Nepal 68: On the Road to Ghorepani

Trekking Poon Hill

Anker promised us a leisurely day of trekking—a welcome respite after the never-ending stairs on day 1.

Several other trekking parties set off ahead of us; we lingered and enjoyed the  early morning sun for a while. If we left too early, we would have nothing to do in the afternoon, Anker said.

I was able to get some service on my NCell SIM card outside the lodge, so I exchanged a few messages with Holly. She asked what it was like, and how far we’d walked. I told her considerably less than I’ve told you.

Before I knew it, Anker was waving me towards the trail, where he and the Malaysian were waiting. They wanted me to be with them, not with her. That was why I’d come here, after all. I was texting out of loneliness, yes, but also obligation. I shot off a final goodbye message, and joined my companions on the trail.

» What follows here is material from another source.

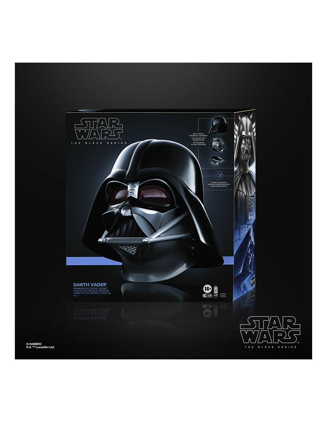 Hasbro presenta esta réplica electrónica del casco de Darth Vader tal y como aparece en la serie de Obi Wan Kenobi. La serie tiene lugar varios años tras los dramáticos sucesos de Star Wars: La venganza de los Sith, en donde Kenobi enfrentó la corrupción de su amigo y aprendiz Jedi Anakin Skywalker, quien se convertiría en el Lord Sith Darth Vader. El casco tiene un decorado detallado, diseño inspirado en la serie, múltiples piezas y emblemáticos sonidos de respiración y tiene puntos de conexión magnética entre el collar, la máscara y la capucha. Viene con una base para aumentar las opciones de exhibición y requiere 2x pilas 1.5v AAA *no incluidas.

We shouldered our packs and walked out of Ulleri. The sun was shining, I was wearing a clean pair of underwear, and my stomach felt a lot better this morning.  I was happy when the cell signal soon disappeared.

I had finally broken down over breakfast and just asked the Malaysian his name. “Saffron,” he’d said, looking relieved. “And what’s yours again?”

I was not so alone in this.

The trek from Ulleri to Ghorepani was a short one, as promised. Anker pointed out peaks as we walked, listing names and elevations. I was glad to be trekking with a guide. He kept me out of my own thoughts. We asked him questions about Nepal, the people and the culture. He asked us questions about our homelands, and he even spoke a bit of Malay with Saffron.

“Many of my friends go to work in Malaysia,” he said. “They say it is not so nice. I think myself, I want to go to Qatar.”

In the West, the concept of migrant workers in the Middle East conjures an image of modern slavery—poor immigrants toiling all day in unbearable desert heat to build huge monuments to the sheiks and their obscene oil wealth. Most Westerners aware of the phenomenon would say it’s a human rights violation.

But to the Nepali, the Middle East represents opportunity. Working in a place like Qatar or Dubai offers them the opportunity to earn more money than they could ever find in their impoverished homes. They want to go. Anker repeatedly mentions going to work in Qatar, despite the fact that he has a pretty good job, working as a trekking guide. At least he regularly comes into contact with rich foreigners, who tip him well at the end of a trek.

“Have you talked to any of your friends who have come back from the Middle East?” I asked Anker, trying to square up the two worlds. Maybe he had just been misled.

“Yes,” he said, “many. Most go back.”

I made a noncommittal noise. Maybe I had been misled.

The rest of the trekking was relatively uneventful. We went up, down, and through some sheep and yak pastures. Eventually we started seriously climbing again, gaining another 1,000 meters as we worked our way towards Ghorepani, the village at the base of the famous Poon Hill.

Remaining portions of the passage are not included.